EXERCISE INSTRUCTIONS :: Only one stretch of the data below should be repeated: the lines from the line containing "Negative, sheet film." through the line containing "Flounce London Petite", inclusive, exactly as they are.

RECORDS TO PROCESS ::
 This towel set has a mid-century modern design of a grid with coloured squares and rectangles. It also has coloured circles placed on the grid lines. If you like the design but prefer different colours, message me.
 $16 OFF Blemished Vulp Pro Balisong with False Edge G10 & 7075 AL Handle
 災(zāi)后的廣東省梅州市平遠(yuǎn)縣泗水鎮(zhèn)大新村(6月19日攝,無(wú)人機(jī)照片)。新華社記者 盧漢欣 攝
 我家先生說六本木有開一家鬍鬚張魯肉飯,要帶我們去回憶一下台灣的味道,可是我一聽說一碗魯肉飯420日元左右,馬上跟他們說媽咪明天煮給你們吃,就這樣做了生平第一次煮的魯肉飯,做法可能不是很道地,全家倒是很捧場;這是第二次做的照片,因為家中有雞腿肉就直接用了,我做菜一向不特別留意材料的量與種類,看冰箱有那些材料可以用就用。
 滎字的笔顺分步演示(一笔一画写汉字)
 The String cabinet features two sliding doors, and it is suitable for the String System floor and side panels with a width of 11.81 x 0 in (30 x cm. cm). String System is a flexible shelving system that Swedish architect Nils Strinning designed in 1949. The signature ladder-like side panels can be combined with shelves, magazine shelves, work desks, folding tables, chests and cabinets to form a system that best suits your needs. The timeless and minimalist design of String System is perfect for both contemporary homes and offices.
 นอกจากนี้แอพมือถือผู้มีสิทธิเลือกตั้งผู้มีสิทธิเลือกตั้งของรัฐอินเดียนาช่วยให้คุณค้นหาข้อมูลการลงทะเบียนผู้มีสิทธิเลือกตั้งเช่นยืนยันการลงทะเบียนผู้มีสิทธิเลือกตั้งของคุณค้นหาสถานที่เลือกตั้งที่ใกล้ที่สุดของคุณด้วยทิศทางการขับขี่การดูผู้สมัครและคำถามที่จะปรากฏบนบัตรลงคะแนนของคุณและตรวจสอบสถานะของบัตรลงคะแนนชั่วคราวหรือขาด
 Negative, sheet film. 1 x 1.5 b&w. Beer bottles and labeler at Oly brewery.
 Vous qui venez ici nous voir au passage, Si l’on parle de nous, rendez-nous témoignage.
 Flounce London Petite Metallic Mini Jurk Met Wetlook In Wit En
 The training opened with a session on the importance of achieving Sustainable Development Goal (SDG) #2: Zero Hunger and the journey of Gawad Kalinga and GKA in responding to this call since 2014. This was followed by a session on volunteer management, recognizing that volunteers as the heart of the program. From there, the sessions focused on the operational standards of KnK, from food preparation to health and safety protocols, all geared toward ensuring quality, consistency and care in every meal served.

YOUR SOLUTION ::
 Negative, sheet film. 1 x 1.5 b&w. Beer bottles and labeler at Oly brewery.
 Vous qui venez ici nous voir au passage, Si l’on parle de nous, rendez-nous témoignage.
 Flounce London Petite Metallic Mini Jurk Met Wetlook In Wit En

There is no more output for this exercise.